Dans les années qui suivirent, l’instrument n’était cependant plus en mesure de répondre aux nouvelles exigences de l’époque et, en 1871, Heinrich Voit, le fils de Louis, construisit un nouvel instrument pour l’église du château. Il prit l’orgue Stieffell en paiement et, par l’entremise d’Andreas Barner, organiste de la cour à cette époque, il put le revendre la même année à la paroisse protestante de Langensteinbach située à 20 km, et l’y remonter dans l’église, la Ludwigskirche.

Heureusement, l’orgue Stieffell y survécut quasiment intact aux troubles de la seconde guerre mondiale, contrairement à son successeur à l’église du château, qui fut hélas détruit lors de bombardements de la ville de Karlsruhe en 1944.

L’orgue Stieffell subit cependant des dommages en 1951, lorsqu’il fut modifié par la manufacture E. F. Walcker de Ludwigsburg, sous la tutelle de l’expert-conseil Wilhelm Rumpf.

Les travaux effectués avec des matériaux d’après-guerre manquaient de solidité à un point tel que dès 1971, il fallut d’urgence restaurer l’orgue à nouveau.

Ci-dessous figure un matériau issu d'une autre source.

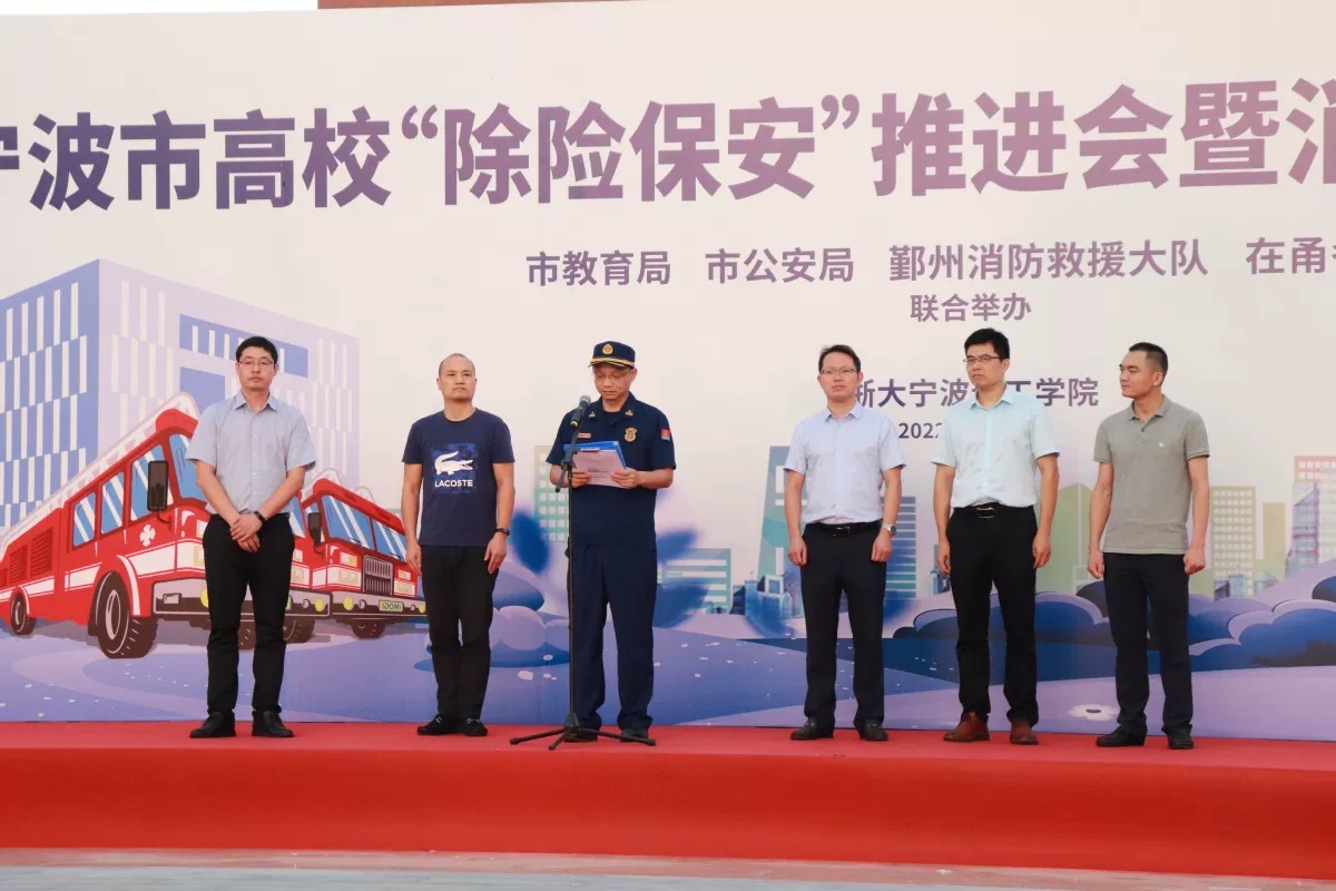 9月22日下午,浙大宁波理工学院联合宁波市教育局、宁波市公安局、鄞州区消防救援大队在学校开展“除险保安”消防安全应急演练活动。9778818威尼斯2022级部分学生、学院辅导员、法学学生党支部党员近200余人参与本次演练。浙大宁波理工学院副校长胡余波、宁波市教育局、宁波市公安局、鄞州区消防救援大队领导出席本次活动。

Un restauration fut donc mise en œuvre par la manufacture Peter Vier en 1975. On construisit dès lors un nouveau buffet en style rococo pour le positif de dos, qui se marie parfaitement avec le buffet principal. On fut alors en mesure d’installer la console en fenêtre suivant la conception voulue par Stieffell, et la composition originale put être rétablie.

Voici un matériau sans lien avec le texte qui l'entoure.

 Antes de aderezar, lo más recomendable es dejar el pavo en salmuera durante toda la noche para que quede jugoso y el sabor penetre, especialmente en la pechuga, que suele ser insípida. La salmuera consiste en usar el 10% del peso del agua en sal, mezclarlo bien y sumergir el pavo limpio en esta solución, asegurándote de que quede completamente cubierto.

La restauration la plus récente, achevée en 2009 par les manufactures Andreas Schiegnitz et Martin Vier, rapprocha l’instrument encore davantage de son état d’origine, surtout en ce qui concerne l’harmonisation des tuyaux, la réfection de la mécanique d’après des modèles historiques, et le rétablissement intégral des tailles d’origine, qui avaient subi des modifications non négligeables dans les années 1950 suite au déplacement de tuyaux et à la modification du diapason. De plus, l’orgue fut doté d’une nouvelle soufflerie constituée de trois soufflets cunéiformes individuels, et réalisée d’après des modèles historiques.

Depuis lors, l’orgue de Langensteinbach constitue certainement le témoin le plus significatif de la facture d’orgue de la fin du XVIIIe siècle dans le pays de Bade. On l’y désigne d’ailleurs affectueusement comme la « perle de Bade ».